Joey’s haunted by what they’ve done, and goes back alone to see about the fellow, who tells him his name is Hamby and begs him to call for help.  Joey is torn, caught between his desire to assist Hamby and the threat of retaliation from Matt if he does.  The result is the emergence of a curious sort of friendship between the boy and the trapped man: Joey brings Hamby food and even a walkie-talkie so that they can converse, while still resisting the man’s pleas to rescue him.  The situation is complicated when Matt begins spending the stolen money on girls and parties and grows increasingly brutal: he actually tries to kill Hamby, and threatens to hurt Joey physically or perhaps blame him for the crime and turn him in to the police.

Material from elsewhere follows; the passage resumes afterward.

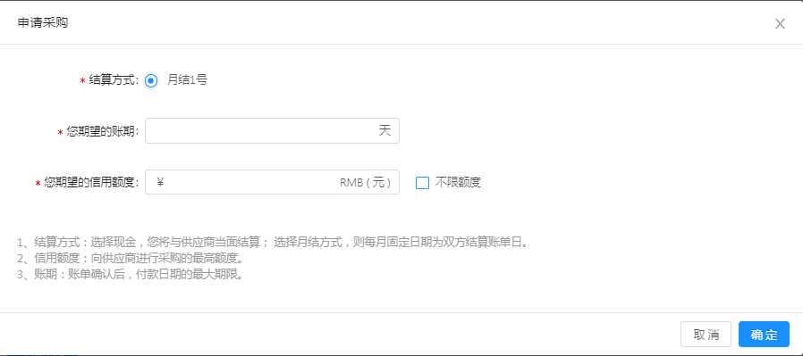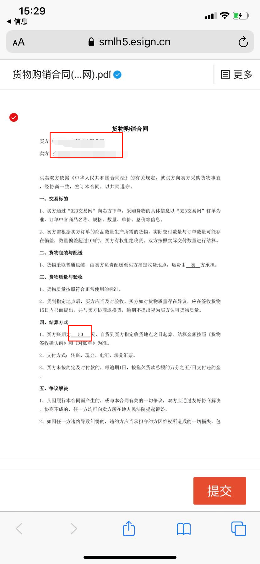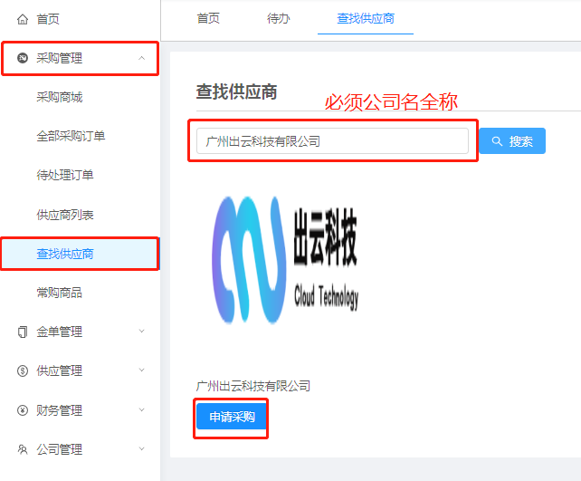 采购申请 第一步 点击左边菜单栏--点击采购管理--点击查找供应商,搜索出需要申请采购申请的供应商的全名,点击申请采购/重新申请采购。 第二步 填写相关结算信息、账期信息,点击提交等待供应商审核。 采购合同签署 第三步 待供应商审核通过,将会收到一条购销合同签署短信,点击进入短信提供的网站。 第四步 确认信息,签署购销合同,采购协议达成,可以向供应商下单(特别注意需要确认下账期是否双方约定账期以及买卖双方),确认无误后点击提交即可。

At this point McAulay throws a far-fetched twist into the plot that turns the movie into an oddball buddy story in which Joey and Hamby form an unholy kid-and-surrogate-father alliance.  Wilson and Grazer (who was Freddy Freeman in “Shazam!”) are both so invested in their characters that they almost pull McAulay’s contrivance off; unfortunately Whitehead is so over-the-top as Matt (has been from the very beginning, in fact, but is even more unbelievable when he turns into an Eddie Haskell type toward the close) that he undermines their delicate routine.  A further twist involving Carol, whom Mena Suvari has until then played as a one-note suffering soul, strains credulity even further. 

Nonetheless the back-and-forth between Grazer and Wilson is sufficiently clever, and their performances so engaging, that the movie is watchable to the end, despite the stumbles.  Shot in Kentucky, it boasts decent technical work from cinematographer Guillermo Garza, production designer Norá Takács and Ben Baudhuin, though the droning score by Joseph Stephens comes across as unimaginative.

Like so many of those seventies made-for-TV potboilers, “Don’t Tell a Soul” is basically a guilty pleasure, but still a pleasure, though a distinctly minor-league one.